The new work builds on a paper presented at last year’s OOSPLA, which described a programming language called Rely. Each paper won one of the conference’s best-paper awards.
Rely provides the mechanism for specifying the accuracy requirements, and it features an operator — a period, or dot — that indicates that a particular instruction may be executed on unreliable hardware. In the work presented last year, programmers had to insert the dots by hand. Chisel does the insertion automatically — and guarantees that its assignment will maximize energy savings.
“One of the observations from all of our previous research was that usually, the computations we analyzed spent most of their time on one or several functions that were really computationally intensive,” says Sasa Misailovic, a graduate student in electrical engineering and computer science and lead author on the new paper. “We call those computations ‘kernels,’ and we focused on them.”
Misailovic is joined on the paper by his advisor, Martin Rinard, a professor in the Department of Electrical Engineering and Computer Science (EECS); by Sara Achour and Zichao Qi, who are also students in Rinard’s group; and by Michael Carbin, who did his PhD with Rinard and will join the EECS faculty next year.
In practice, Misailovic says, programs generally have only a few kernels. In principle, Chisel could have been designed to find them automatically.
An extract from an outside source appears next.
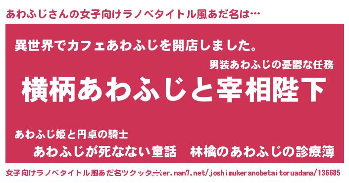 | 意味不明あだ名 | 『永久保存あわふじ』『ペロリンあわふじ』 |

But most developers who work on high-performance code will probably want to maintain a degree of control over what their programs are doing, Rinard says. And generally, they already use tools that make kernel identification easy.
A single kernel, however, may still consist of 100 or more instructions, any combination of which could be assigned to unreliable hardware. Manually canvassing all possible combinations and evaluating their effects on both computational accuracy and energy savings would still be a prohibitively time-consuming task.
But the researchers developed three separate mathematical expressions that describe accuracy of computation, reliability of instruction execution, and energy savings as functions of the individual instructions. These expressions constrain the search that the system has to perform to determine which instructions to assign to unreliable hardware. That simpler — though still complex — problem is one that off-the-shelf software can handle.
“I think it’s brilliant work,” says Luis Ceze, an associate professor of computer science and engineering at the University of Washington. “All the trends point to future hardware being unreliable, because that’s one way of making it more energy-efficient and faster.”
Ceze points out, however, that the hardware model the MIT researchers used requires specification of the reliability with which individual operations are executed. “That limits the savings that you can get from approximation,” Ceze says. “I believe in approximation that is much coarser-grained. You do a whole bunch of operations in one shot, approximately. That can take you from tens of percent to tens of [multiples] in terms of performance and energy efficiency improvement.”
As for whether the MIT researchers’ work can be adapted to accommodate such a model, “It could be done,” Ceze says. “In fact, my group has done similar work in a different context. So it’s definitely viable.”